Exact copy, no pictures: return only the lines below from the line with "Linked User ID" up to and including the line with "ZEGAREK MĘSKI PERFECT".

RECORD SET
[Start of section]

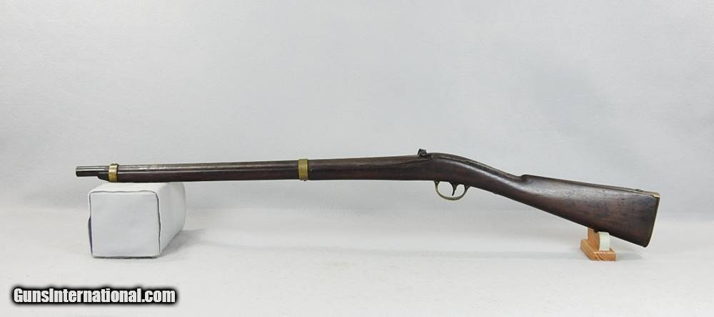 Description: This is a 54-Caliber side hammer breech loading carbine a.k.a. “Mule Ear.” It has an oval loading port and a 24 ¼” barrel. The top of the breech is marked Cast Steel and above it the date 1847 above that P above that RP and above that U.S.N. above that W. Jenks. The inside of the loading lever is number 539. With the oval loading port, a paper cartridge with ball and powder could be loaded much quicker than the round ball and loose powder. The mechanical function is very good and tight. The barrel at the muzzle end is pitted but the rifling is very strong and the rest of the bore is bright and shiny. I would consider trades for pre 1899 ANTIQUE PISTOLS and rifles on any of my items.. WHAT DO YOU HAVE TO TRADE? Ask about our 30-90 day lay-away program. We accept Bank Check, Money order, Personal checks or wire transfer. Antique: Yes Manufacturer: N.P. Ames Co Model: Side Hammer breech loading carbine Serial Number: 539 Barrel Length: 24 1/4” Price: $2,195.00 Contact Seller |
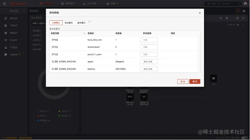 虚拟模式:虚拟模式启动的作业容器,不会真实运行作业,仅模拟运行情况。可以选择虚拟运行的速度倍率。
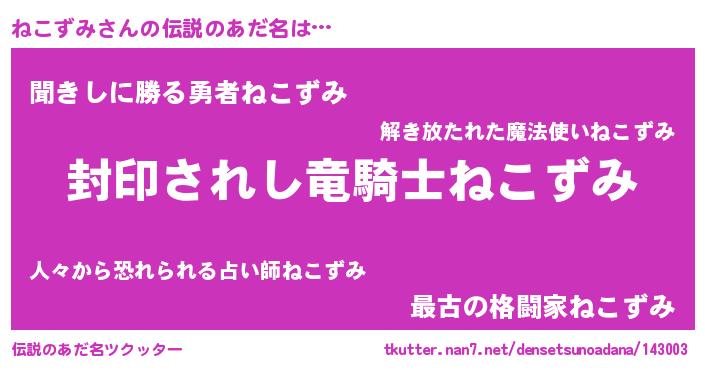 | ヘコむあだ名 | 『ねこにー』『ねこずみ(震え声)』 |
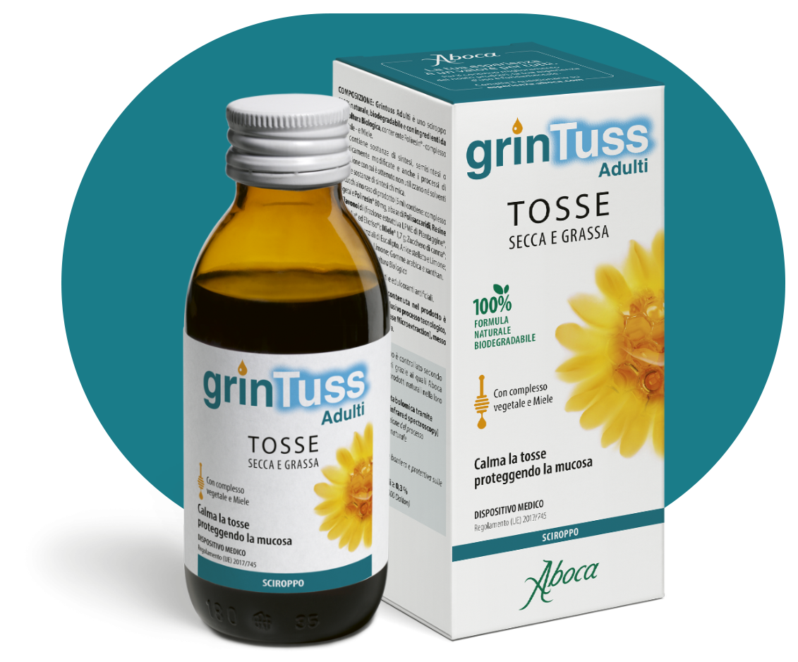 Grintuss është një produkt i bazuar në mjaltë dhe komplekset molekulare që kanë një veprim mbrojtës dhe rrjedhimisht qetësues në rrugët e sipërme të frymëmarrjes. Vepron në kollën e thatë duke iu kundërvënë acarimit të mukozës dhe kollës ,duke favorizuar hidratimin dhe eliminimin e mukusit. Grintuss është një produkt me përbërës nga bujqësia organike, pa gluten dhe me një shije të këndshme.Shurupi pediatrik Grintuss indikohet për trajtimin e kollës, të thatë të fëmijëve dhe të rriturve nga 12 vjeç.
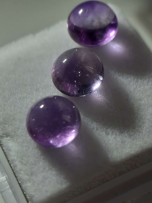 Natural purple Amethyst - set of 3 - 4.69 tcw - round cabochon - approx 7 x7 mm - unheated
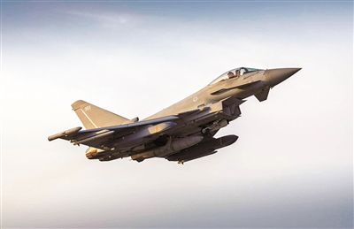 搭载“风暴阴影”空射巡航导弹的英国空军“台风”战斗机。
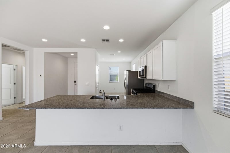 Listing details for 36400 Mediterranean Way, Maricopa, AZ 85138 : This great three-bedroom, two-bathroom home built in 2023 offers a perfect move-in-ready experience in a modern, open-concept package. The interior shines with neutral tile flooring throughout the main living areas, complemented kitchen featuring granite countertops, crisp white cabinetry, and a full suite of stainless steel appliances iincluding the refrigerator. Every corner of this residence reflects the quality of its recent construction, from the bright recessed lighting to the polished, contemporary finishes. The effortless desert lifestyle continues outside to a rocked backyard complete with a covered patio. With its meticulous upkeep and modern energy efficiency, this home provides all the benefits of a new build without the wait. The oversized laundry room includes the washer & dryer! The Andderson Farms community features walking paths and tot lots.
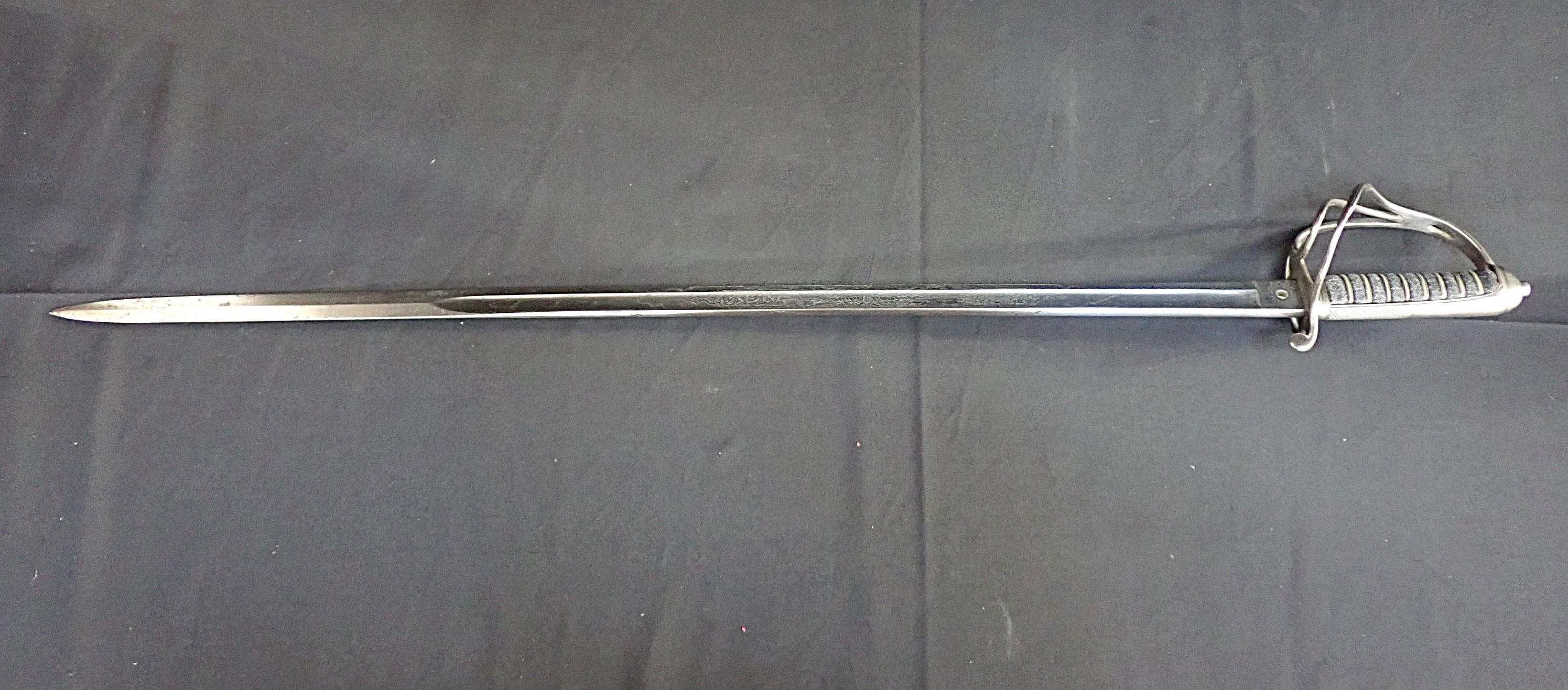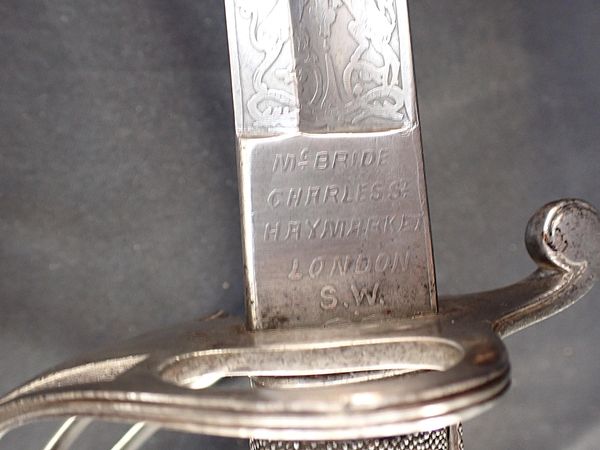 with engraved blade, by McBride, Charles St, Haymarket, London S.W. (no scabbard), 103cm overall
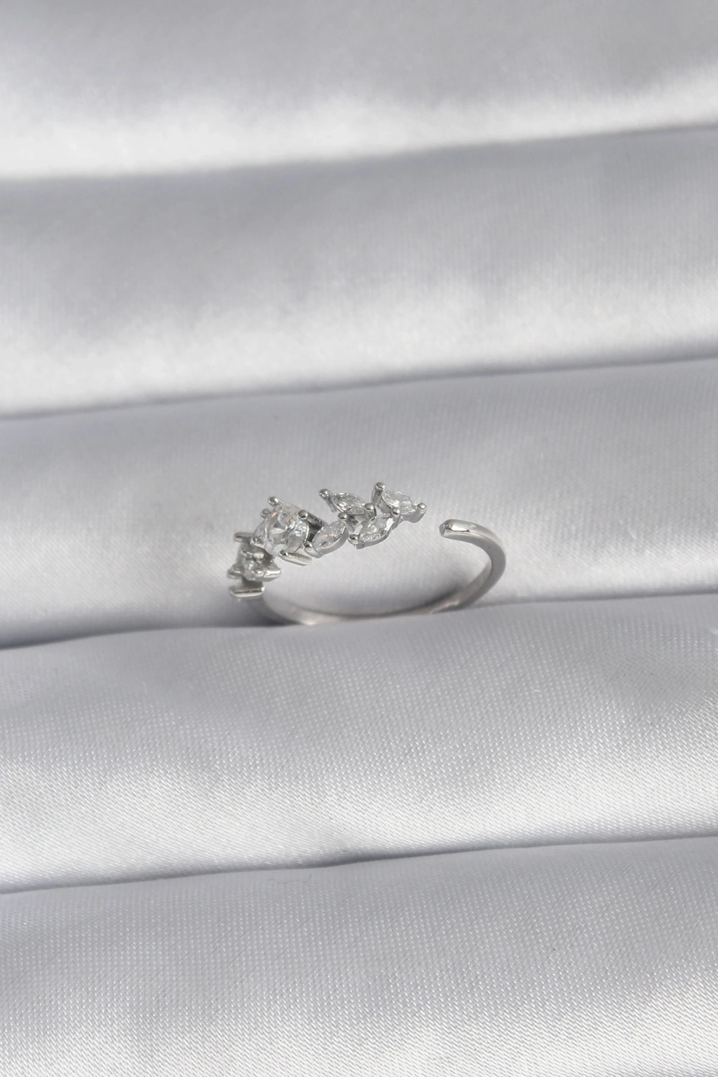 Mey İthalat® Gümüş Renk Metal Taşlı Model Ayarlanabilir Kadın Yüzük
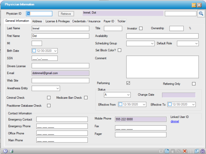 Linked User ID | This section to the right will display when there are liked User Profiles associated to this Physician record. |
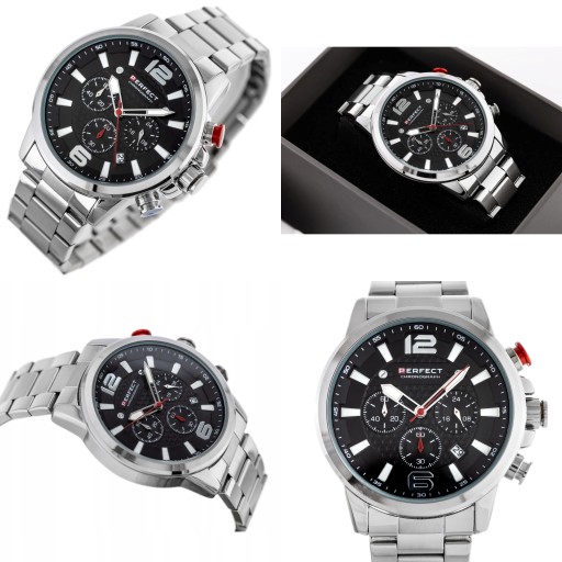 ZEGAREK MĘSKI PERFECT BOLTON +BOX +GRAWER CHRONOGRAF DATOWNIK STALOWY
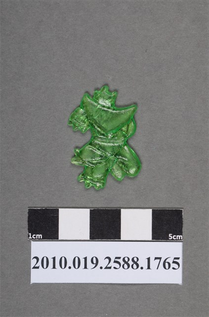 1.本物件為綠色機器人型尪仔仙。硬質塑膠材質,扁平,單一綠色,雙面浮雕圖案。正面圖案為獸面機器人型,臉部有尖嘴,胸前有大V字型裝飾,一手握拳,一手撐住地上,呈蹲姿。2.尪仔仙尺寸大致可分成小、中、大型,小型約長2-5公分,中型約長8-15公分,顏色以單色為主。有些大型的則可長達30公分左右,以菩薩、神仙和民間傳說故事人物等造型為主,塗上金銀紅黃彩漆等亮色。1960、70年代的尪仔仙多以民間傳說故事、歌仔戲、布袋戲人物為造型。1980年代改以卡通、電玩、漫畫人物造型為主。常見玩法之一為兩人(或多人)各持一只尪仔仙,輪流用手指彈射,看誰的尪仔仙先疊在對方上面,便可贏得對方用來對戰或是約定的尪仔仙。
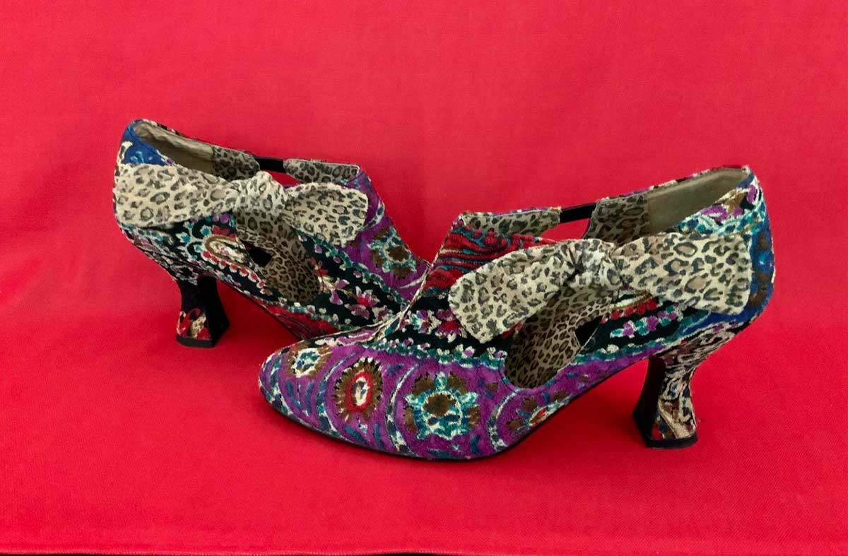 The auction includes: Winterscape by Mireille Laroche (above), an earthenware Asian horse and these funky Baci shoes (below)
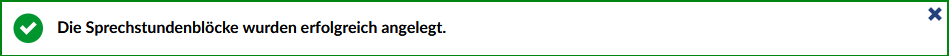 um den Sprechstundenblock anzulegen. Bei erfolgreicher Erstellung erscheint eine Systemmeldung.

[End of section]

EXERCISE RESULT
 Linked User ID | This section to the right will display when there are liked User Profiles associated to this Physician record. |
 ZEGAREK MĘSKI PERFECT BOLTON +BOX +GRAWER CHRONOGRAF DATOWNIK STALOWY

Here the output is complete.